When the fetus is positioned inside the uterus in a manner whereby its feet or buttocks would—without intervention—deliver first (instead of the head).

C-section (Cesarean birth)

A surgical delivery of a baby through incisions made in the abdomen and uterus.

Cervix

The opening to the uterus, located at the top of the vagina.

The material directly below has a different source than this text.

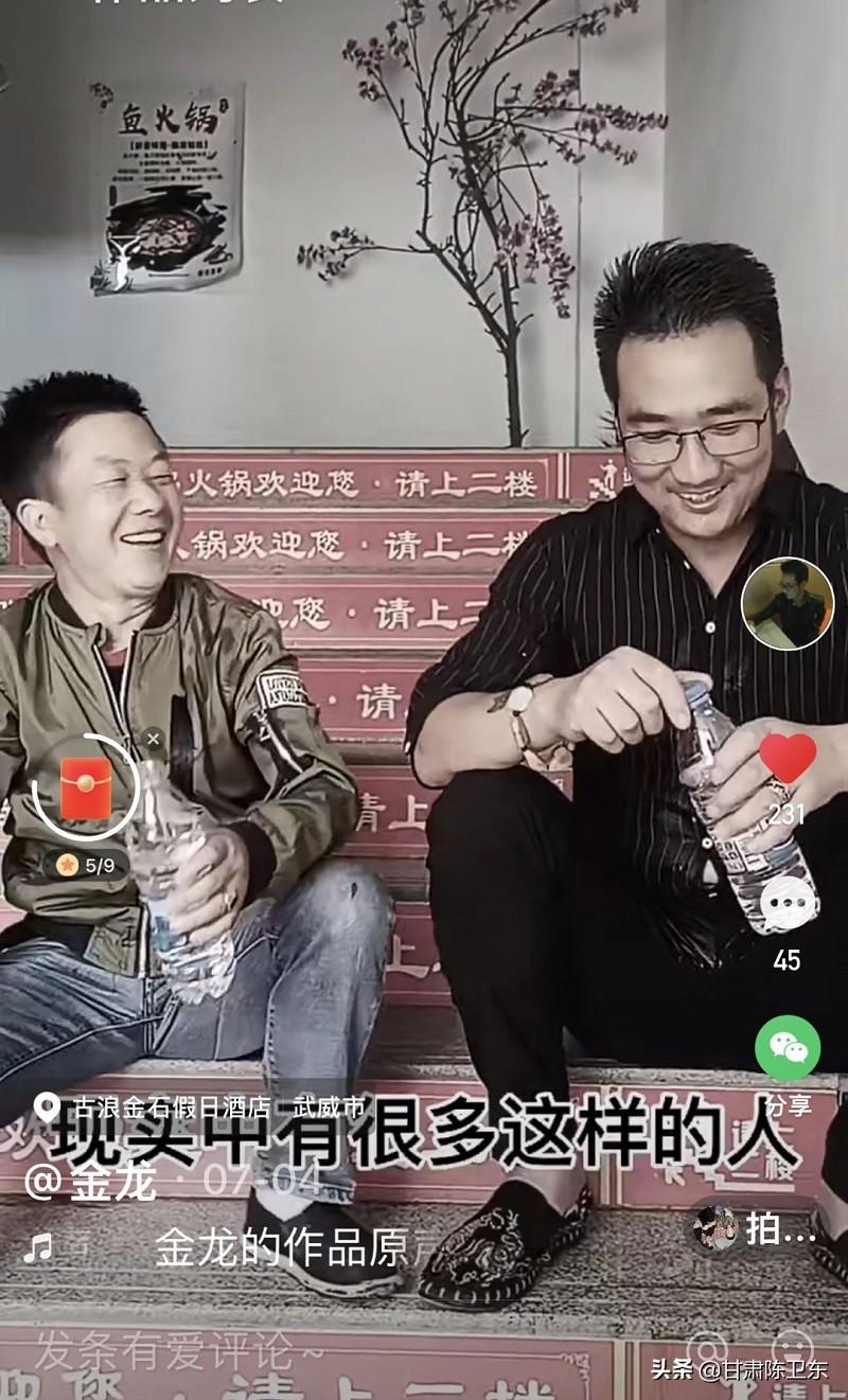 金龙原名黄亮,是一名火锅店的老板,因经营有方,火锅店生意非常红火。一个偶然的机会两人结识,因共同的业余爱好直播,于是两人结为搭档,共同创作古浪方言的搞笑段子,一时间在直播平台大火,成为古浪人茶余饭后津津乐道的话题。

D&C (dilation and curettage)

A surgical procedure for removal of tissue from inside the uterus by opening the cervix and inserting an instrument into the uterus.

Ectopic pregnancy

Also known as a mislocated pregnancy; symptoms include unexpected vaginal bleeding and cramping. The fetus may grow enough to rupture the fallopian tube (typically after about 6–8 weeks), whereby a woman usually feels severe pain in her lower abdomen. If the tube ruptures later (after about 12–16 weeks), the risk of death for the woman is increased because the fetus and placenta are larger and lead to an increased loss of blood. In most women, the fetus and placenta from an ectopic pregnancy must be surgically removed.

Hysterectomy

A surgery for removal of the uterus. It is termed a “total hysterectomy” if the cervix is removed with the uterus.

Placenta previa

A condition that occurs in about one in every 200 deliveries; it refers to when the placenta is mostly or completely covering the cervix, in the lower (rather than upper) part of the uterus. Placenta previa can cause painless bleeding from the vagina that suddenly begins late in pregnancy necessitating emergent delivery. It is a risk for maternal and fetal death due to blood loss.

Preeclampsia

An illness that occurs in pregnancy or after delivery where a woman has high blood pressure and symptoms of organ injury or dysfunction. Some of these symptoms include an abnormal amount of protein found in the urine, abnormal liver or kidney function, vision changes, decreased number of platelets, upper abdominal pain, fluid found in the lungs, and severe headache. (note: Eclampsia is an extension of preeclampsia, resulting in maternal seizures.)

Preterm delivery

When a baby is born before week 37 of the pregnancy.

Preterm labor

Also called premature labor; it refers to when uterine contractions occur before 37 weeks of pregnancy.

Previable delivery

A delivery prior to 23 weeks (22 weeks in some facilities).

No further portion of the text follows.